Mystery Monday, Part 6: What Happened to H. Jay Hanchette? - continued

This is part 6 of my series on the mysterious disappearance of H. Jay Hanchette in 1891.  Parts 2, 3, 4, and 5 addressed the tragedies befalling Hanchette's  father, wife, brother-in-law, and son respectively.  Now it's time to revisit H. Jay's story.

News about his disappearance in May 1891 pretty much dried up by October of that year.  A Los Angeles newspaperman, Robert J. Farrell, claimed to have seen Hanchette in 1894 and 1897, but nothing came of those reports.  (Farrell committed suicide just a few weeks later in 1897.)

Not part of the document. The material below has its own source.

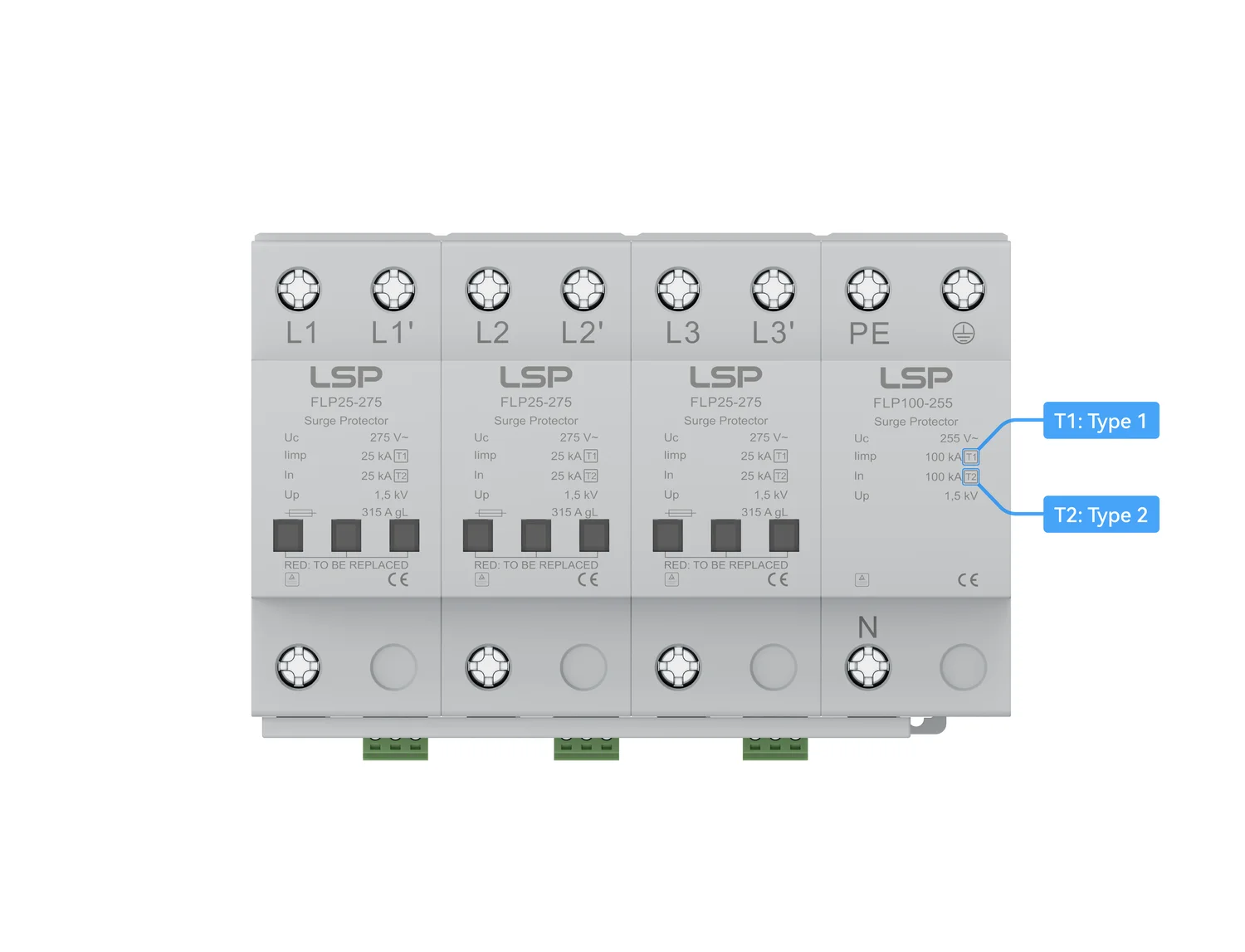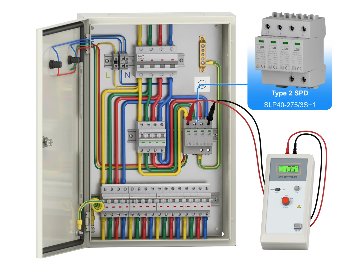 - Type 1 SPD: Installed at the main distribution level, capable of handling 10/350μs lightning current impulses.

from the Omaha [NE} Morning World-Herald, August 25, 1897, page 2, via GenealogyBank.com

Charles Dwight Willard, a longtime associate of Hanchette and friend of his family, who took over as secretary of the Los Angeles Chamber of Commerce after Hanchette's disappearance, wrote A History of the Chamber of Commerce of Los Angeles, California: From Its Foundation, September, 1888, to the Year 1900 in 1899.  In it, Willard stated  (pages 187-188):

From that day [of his disappearance] to this, there has never been a clue to his whereabouts, nor has any adequate explanation ever been offered as to the cause of his disappearance.  Not the slightest suspicion of anything discreditable was ever attached to him, for he was a man of sterling character and correct habits.  His domestic relations were of the happiest.  Various individuals have since claimed to see Mr. Hanchette, but their testimony when sifted down has been found to be frivolous.  The theory now most generally accepted is that he was killed by thugs and his body destroyed.

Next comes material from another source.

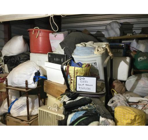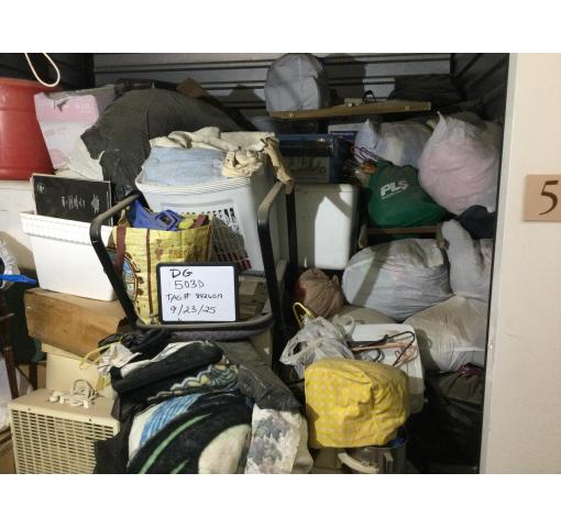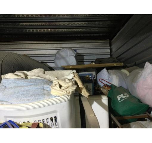 This is a 10x10 unit which appears to contain a fan, laundry basket, night stand, many bags and boxes of misc.

However, privately Willard thought differently.  According to Suffering in the Land of Sunshine: A Los Angeles Illness Narrative by Emily Abel (Rutgers University Press, 2006), in a July 12, 1891, letter to his father, Willard said (page 49):

Hanchette had been "in secret a spend thrift and a fool about money matters."  Although not "exactly dishonest," he conducted his affairs in a "dishonorable" way.  "When he went away things were in a hopeless snarl with him and he had not the courage to come back and face them."

According to Donald Ray Culton's dissertation Charles Dwight Willard: Los Angeles City Booster and Professional Reformer, 1888-1914 (University of Southern California, via ProQuest, UMI Dissertations Publishing, 1971, pages 46-47), when Willard took over as Chamber of Commerce secretary after Hanchette's disappearance,

Minutes of the [chamber of commerce] directors' meetings taken by Hanchette were brief and careless; financial records were snarled; the bank account was overdrawn by $500; membership dues had not been collected; and ... two chamber employees ... had been spoiled hopelessly by the carefree attitude of the inefficient administrator.  Capping the problems was a debt amounting to approximately $2300.

In a June 15, 1899 article about Hanchette's son Earl murdering his wife, the Los Angeles Herald discussed the elder's disappearance on page 5:

Two theories concernlng the fate of Hanchette have had, and still have, adherents. The first is that he was murdered in Chicago for the purpose of robbery and his body sunk in the lake; the second, that the missing man carefully disguised himself, and, having dropped his identity and destroyed all traces by which he might be followed up, went to South America, foot loose and free, to recommence existence again under an assumed name. This theory is not an improbable one, as Hanchette's day dreams invariably took that form, and he would harp upon that sole subject with his intimates at any time.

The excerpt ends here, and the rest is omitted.